21,1 km Mitternachts-Halbmarathon
Traditionell startet dieser Wettbewerb um 23:00 Uhr. Seit der Premiere im Jahr 2013 hieß die Siegerin immer Vanessa Monath aus Berlin. Dieses Jahr benötigte die Sportler 1:43:04 h. Ebenfalls ein Berliner, Karsten Laborn, siegte bei den Männern in 1:28:54 h.

42,195 km Nacht-Marathon

Den Nacht-Marathon gewann zum 2. Mal Sportfreund Uwe Laenger vom 1. FC Union Berlin in 02:54:24 h. Dies ist zwar 10 Minuten langsamer als sein Hallenrekord aus dem Jahr 2013. Jedoch hatte er dieses Mal weit mehr Sportler auf der Bahn, welche beim Überholen immer Kraft und Zeit kosten. 2014 hatte er schon das 50 km Rennen in 03:20 h gewonnen. Die Hallenserin Silvia Schmied erlief sich den 1. Platz bei den Damen in 03:42:20 h.

42,195 km Morgen-Marathon
Den Morgen-Marathon gewann Rene Rasmussen aus Dänemark in 03:22:15h, sowie Astrid Hohäuser aus Hoyerswerda 04:47:27 h.

50 km Ultra-Lauf
Die härteste Disziplin in der Halle ist der 200 Rundenlauf. Dabei stehen dann im Ziel 50 km zu Buche. Der Dresdner Frank Wittwer gewann in 03:46 h. Die Berlinerin Evelyn Franke freute sich sehr über Ihren Sieg in 04:20:50.

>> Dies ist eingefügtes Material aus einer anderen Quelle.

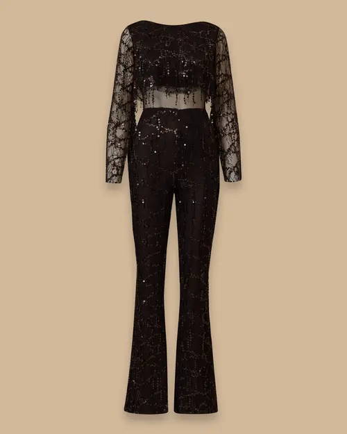 Payet işlemeli geniş paçalı dantel abiye tulum, şıklığı ve cesareti bir araya getiriyor. Parıltılı detayları ve modern tasarımıyla her özel etkinlikte göz alıcı bir seçenek sunar. Unutulmaz bir stil için idealdir.

Rad-Einzelzeitfahren (Radergometer)
Das sich die Senftenberger Halle auch für stimmungsvolle Radwettbewerbe eignet, zeigte der erstmalig ausgetragene Radergometer-Wettkampf. Sportler aus 5 Bundesländern nahmen daran teil. Der Sieg (12,45 km) blieb aber in der Region, bei Frank Höfer aus Ortrand/Böhla.